====== DATA PROVIDED ======
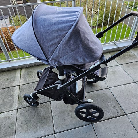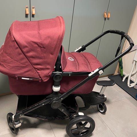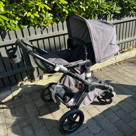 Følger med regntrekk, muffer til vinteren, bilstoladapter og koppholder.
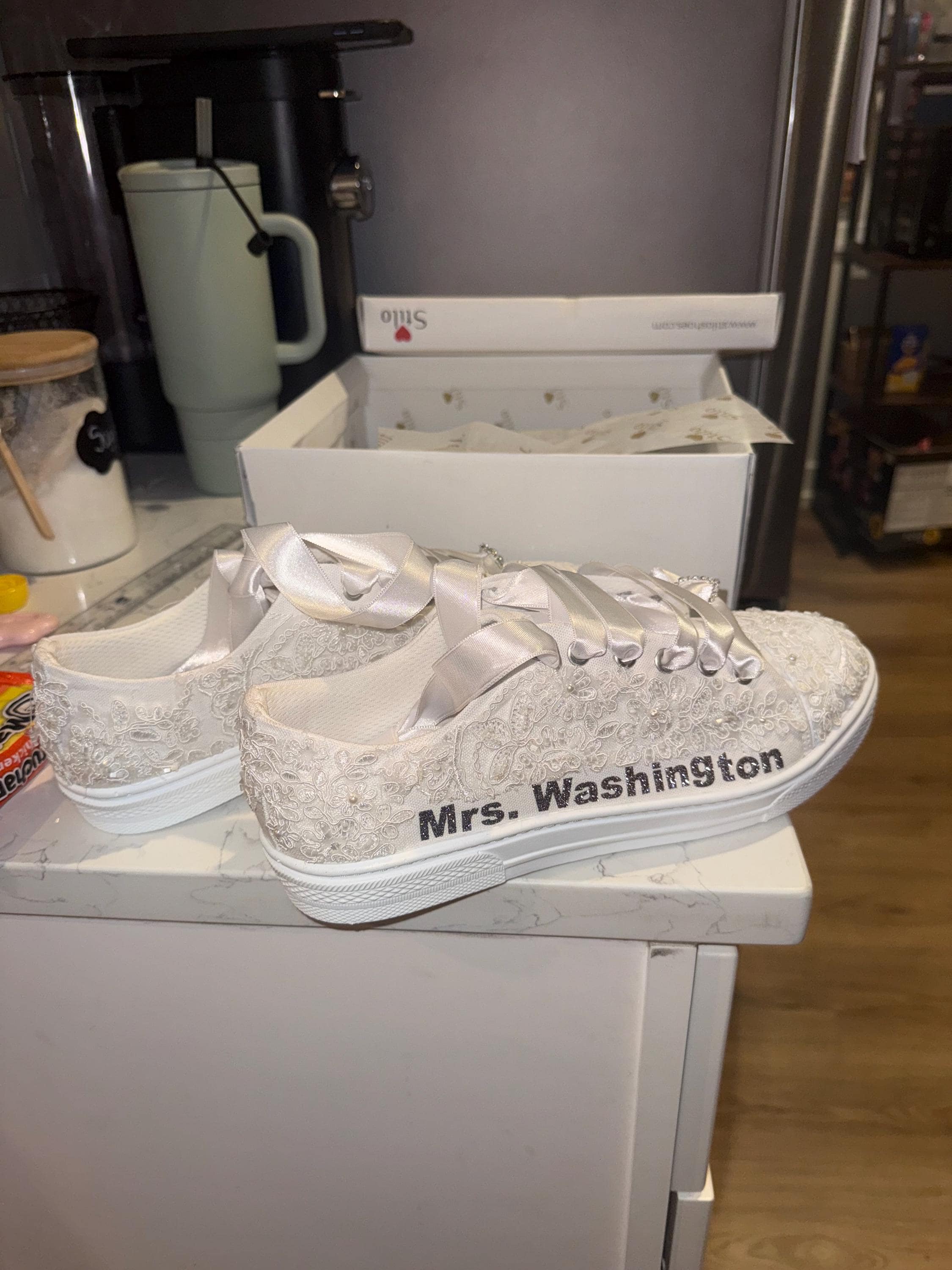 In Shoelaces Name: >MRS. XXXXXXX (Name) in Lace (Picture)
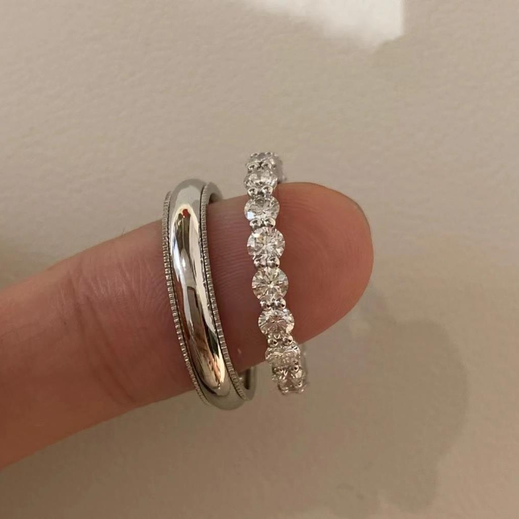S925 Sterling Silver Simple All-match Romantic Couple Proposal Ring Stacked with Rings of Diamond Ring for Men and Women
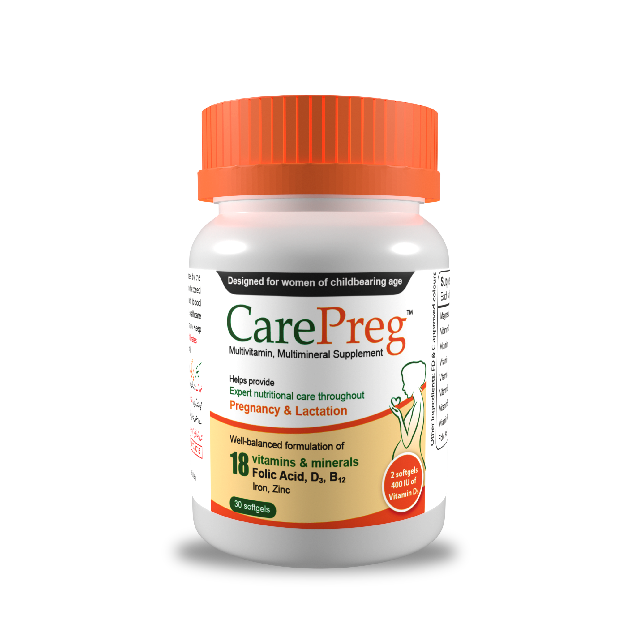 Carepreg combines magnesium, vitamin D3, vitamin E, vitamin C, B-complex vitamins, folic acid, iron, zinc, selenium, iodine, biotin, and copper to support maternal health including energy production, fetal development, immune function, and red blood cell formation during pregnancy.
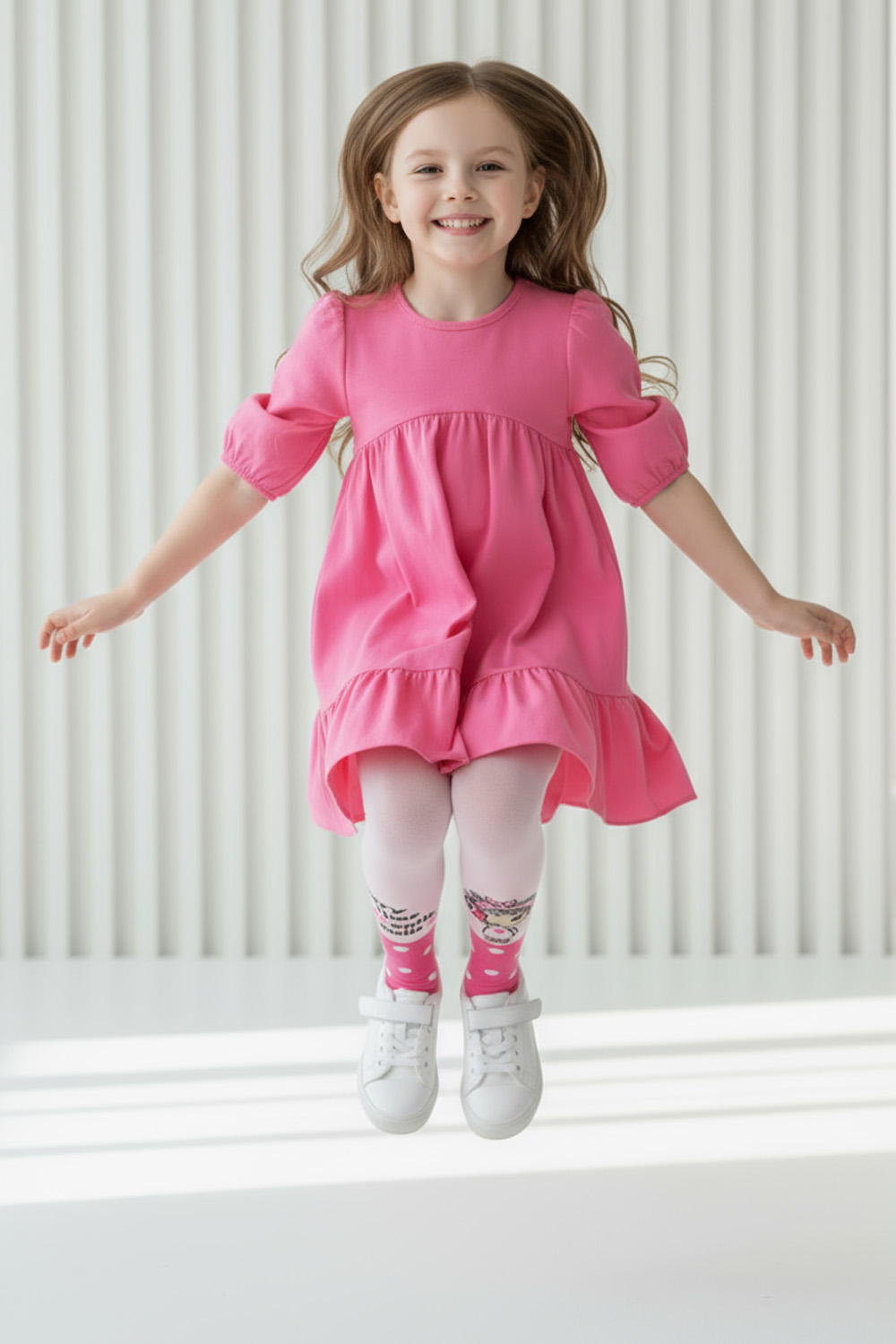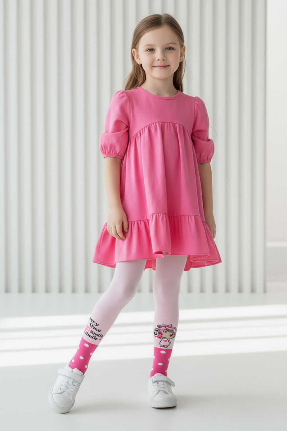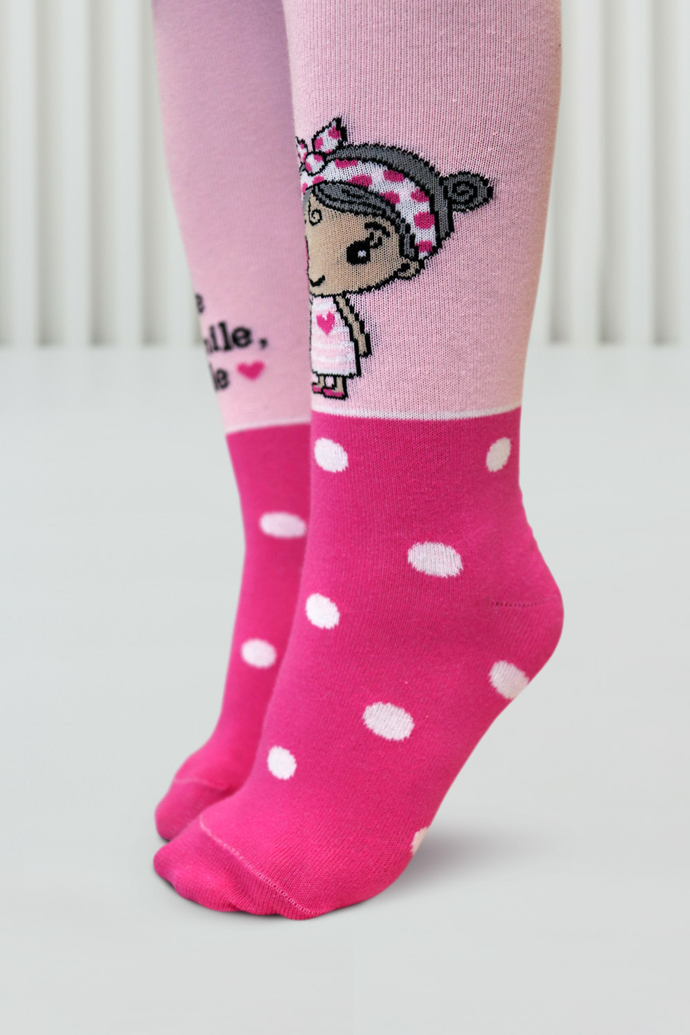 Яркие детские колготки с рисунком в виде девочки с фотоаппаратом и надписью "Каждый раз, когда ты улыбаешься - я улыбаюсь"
======
====== DATA PROVIDED ======
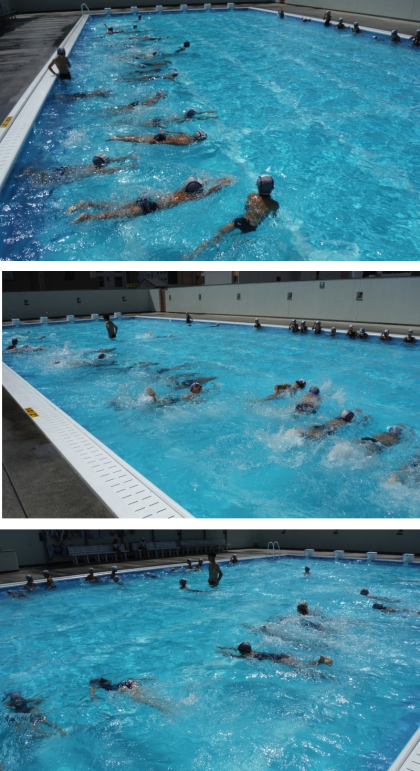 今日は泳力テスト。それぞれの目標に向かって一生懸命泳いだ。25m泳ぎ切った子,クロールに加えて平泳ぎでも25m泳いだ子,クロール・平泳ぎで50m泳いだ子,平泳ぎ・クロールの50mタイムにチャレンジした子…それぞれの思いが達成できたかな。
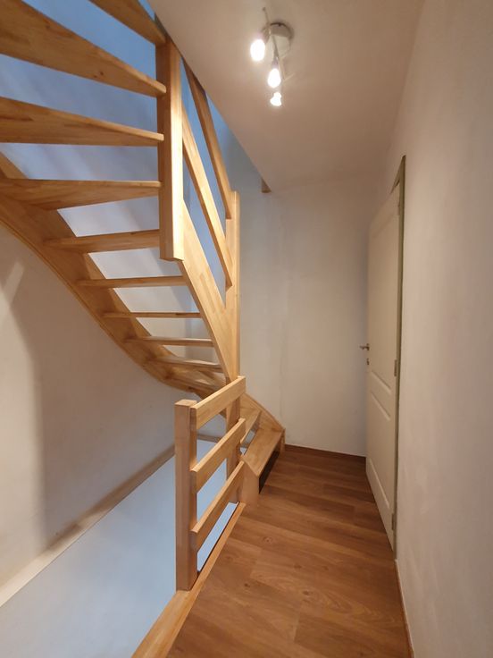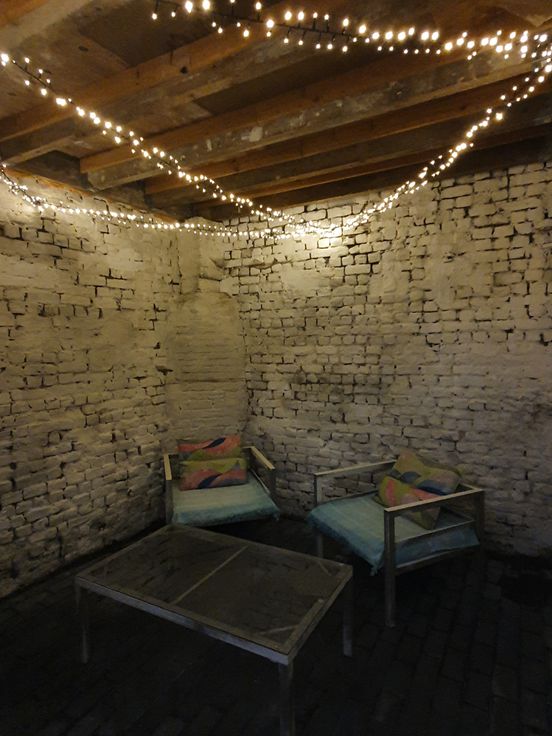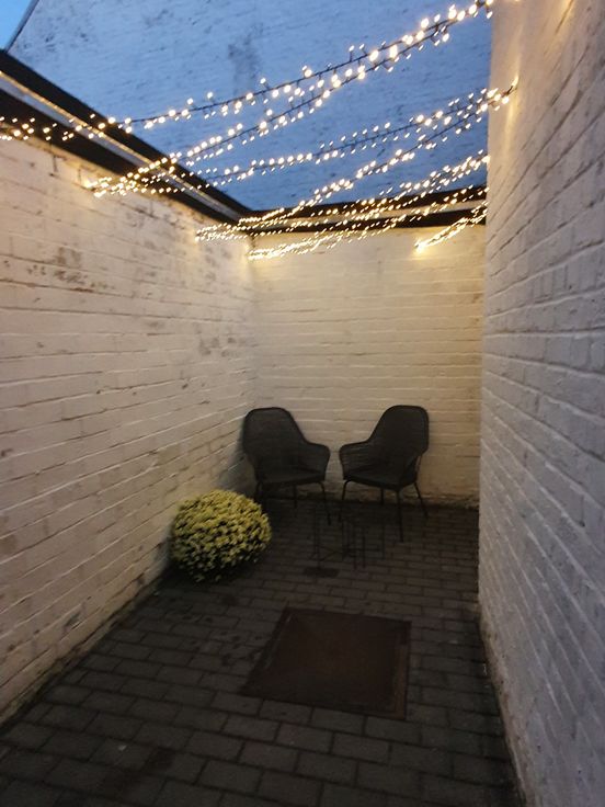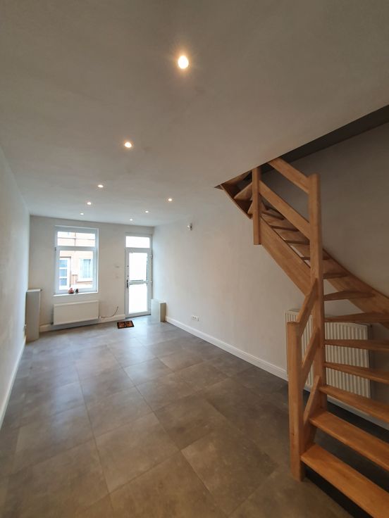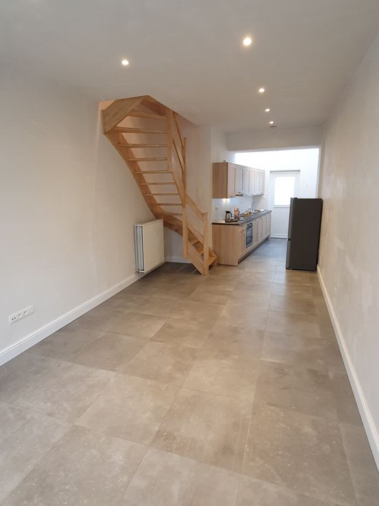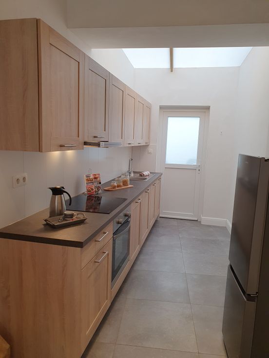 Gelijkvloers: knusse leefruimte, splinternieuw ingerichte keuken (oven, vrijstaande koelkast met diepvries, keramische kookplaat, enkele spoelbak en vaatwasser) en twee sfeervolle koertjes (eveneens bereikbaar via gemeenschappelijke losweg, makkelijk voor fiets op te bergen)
======
====== DATA PROVIDED ======
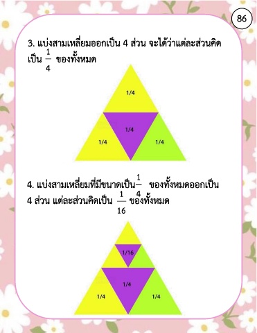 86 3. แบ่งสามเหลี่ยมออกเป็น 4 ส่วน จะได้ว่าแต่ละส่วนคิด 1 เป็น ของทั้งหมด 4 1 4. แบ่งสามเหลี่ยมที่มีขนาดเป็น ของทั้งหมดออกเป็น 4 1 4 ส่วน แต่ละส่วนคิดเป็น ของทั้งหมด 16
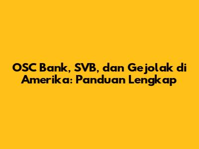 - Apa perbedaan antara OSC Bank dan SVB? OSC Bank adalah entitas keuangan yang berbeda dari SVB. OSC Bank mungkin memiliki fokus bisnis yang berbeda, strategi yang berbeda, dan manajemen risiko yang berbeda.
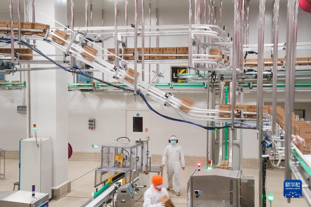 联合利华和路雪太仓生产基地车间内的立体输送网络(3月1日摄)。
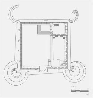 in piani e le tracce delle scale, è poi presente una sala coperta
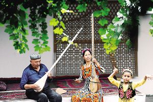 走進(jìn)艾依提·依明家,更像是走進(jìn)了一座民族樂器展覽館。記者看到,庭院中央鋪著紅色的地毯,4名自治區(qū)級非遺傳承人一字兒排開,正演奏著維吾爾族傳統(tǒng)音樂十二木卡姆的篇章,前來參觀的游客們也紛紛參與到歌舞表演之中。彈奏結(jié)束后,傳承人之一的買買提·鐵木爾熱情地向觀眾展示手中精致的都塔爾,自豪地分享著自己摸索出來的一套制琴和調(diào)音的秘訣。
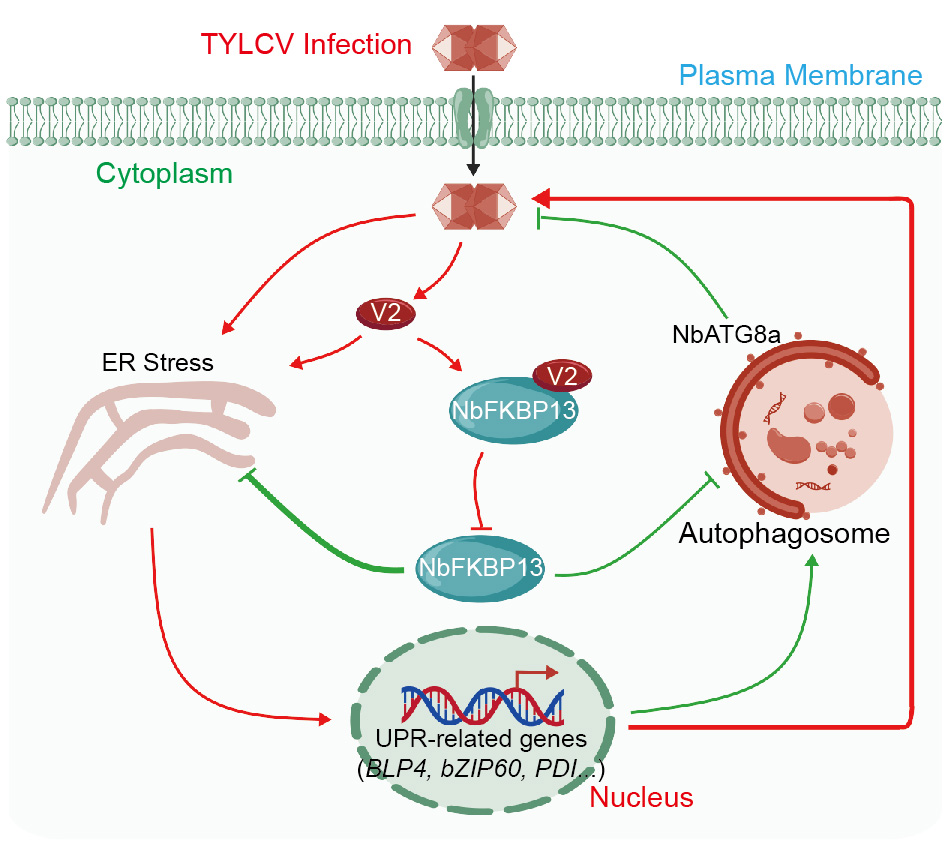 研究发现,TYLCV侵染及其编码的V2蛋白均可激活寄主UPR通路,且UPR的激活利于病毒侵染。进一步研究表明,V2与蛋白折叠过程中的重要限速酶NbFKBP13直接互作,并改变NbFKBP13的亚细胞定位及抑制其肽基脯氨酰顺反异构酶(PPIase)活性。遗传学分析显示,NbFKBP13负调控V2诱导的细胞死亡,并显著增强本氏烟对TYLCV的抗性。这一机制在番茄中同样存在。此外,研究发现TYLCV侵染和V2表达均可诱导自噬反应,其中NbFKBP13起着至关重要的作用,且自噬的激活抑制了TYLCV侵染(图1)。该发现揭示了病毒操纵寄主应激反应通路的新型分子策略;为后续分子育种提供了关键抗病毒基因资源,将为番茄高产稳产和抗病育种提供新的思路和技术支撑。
======
ACTION ITEM
Retype, exactly and with no pictures, everything above from the line with "In Shoelaces Name: >MRS." down to the line with "S925 Sterling Silver", both included.

EXERCISE SOLUTION
 In Shoelaces Name: >MRS. XXXXXXX (Name) in Lace (Picture)
S925 Sterling Silver Simple All-match Romantic Couple Proposal Ring Stacked with Rings of Diamond Ring for Men and Women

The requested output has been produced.